The annual Oscar postmortem is the time for second-guessing and bitter complaint, and in that spirit I want to blast the near-total exclusion from this year’s honors of British director Mike Leigh’s quiet masterpiece Another Year. It’s the rare director who dares defy Tolstoy’s dismissal of the happy family (they’re all alike) and take on the daunting subject of the successful marriage. But Leigh does, with insightful and heartbreaking results.
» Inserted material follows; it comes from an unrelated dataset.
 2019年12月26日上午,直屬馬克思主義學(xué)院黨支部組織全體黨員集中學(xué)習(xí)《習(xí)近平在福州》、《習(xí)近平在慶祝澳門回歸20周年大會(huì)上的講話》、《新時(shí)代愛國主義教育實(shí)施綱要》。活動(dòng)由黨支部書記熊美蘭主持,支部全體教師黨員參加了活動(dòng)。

The setup of Another Year could hardly be simpler. Over the course of four seasons we follow Tom (Jim Broadbent) and Gerri (Ruth Sheen), a sixtyish couple living in a comfortable (but not opulent) section of London. He’s a geologist, she’s a therapist—in the film’s opening scene we see her counseling a client whose marriage has left her catatonically depressed—and together they emanate an attractive aura of 1960s idealism adapted to a thoroughly happy, mildly irreverent middle-class life. Avid gardeners, they spend long hours together working in their allotment garden, and the film is divided into episodes titled by the seasons of the year.

The foil to Tom and Gerri’s cozy domesticity comes in the form of Mary (Lesley Manville), a secretary in Gerri’s office and a longtime friend. Childless, bearing the psychic scars of a failed marriage and many bad affairs, Mary is the kind of friend whose visits one anticipates with a guilty shiver of dread. She’s needy, histrionic, and fragile; she’s always talking, and too often drunk. The film chronicles several evenings together over the course of the year on which she behaves badly, prompting the gradual withdrawal by Tom and Gerri from a friendship which, we sense, was offered more in charity than affinity in the first place.
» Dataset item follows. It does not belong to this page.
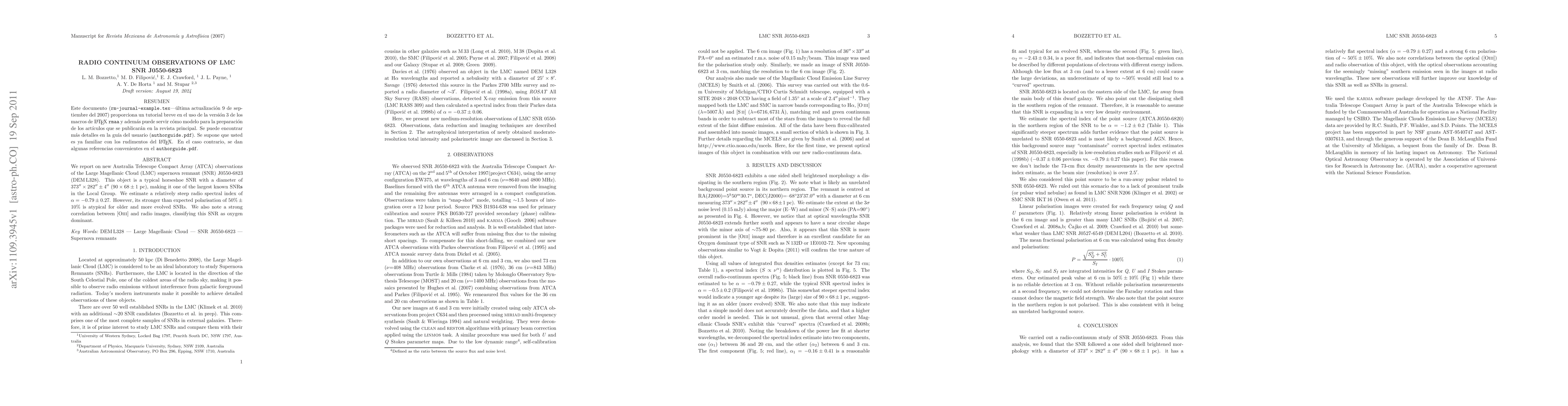 We report on new Australia Telescope Compact Array (ATCA) observations of the Large Magellanic Cloud (LMC) supernova remnant (SNR) J0550-6823 (DEM L328). This object is a typical horseshoe SNR with a diameter of 373" x 282" +- 4" (90 x 68 +- 1), making it one of the largest known SNRs in the Local Group. We estimate a relatively steep radio spectral index of alpha = -0.79 +- 0.27. However, its stronger than expected polarisation of 50% +- 10% is atypical for older and more evolved SNRs. We also note a strong correlation between [Oiii] and radio images, classifying this SNR as oxygen dominant.

Leigh, whose previous films include Naked and Secrets & Lies, has dedicated his career to showing us people as they really are. In Another Year his cameraman, Dick Pope, zooms in on faces and their flaws—crow’s-feet, bad makeup, buckteeth, and weak chins, the whole catalogue of human imperfections typically banished from Hollywood movies. Such realism helps Leigh focus on the indignities of aging. But dignity, he deftly reminds us, lies in the attitude of the possessor. Gerri, thoroughly comical-looking—and happily married—wouldn’t be troubled to think that she’s neither the youngest nor the sexiest woman around. Mary, on the other hand, single and still anxiously charting her value in the dating market, quakes at the toll age is taking on her looks. In one scene in a bar, she covertly eyes a handsome middle-aged man who is apparently alone, only to be crushed when a woman—a much younger woman—emerges from the ladies room and starts canoodling with the guy.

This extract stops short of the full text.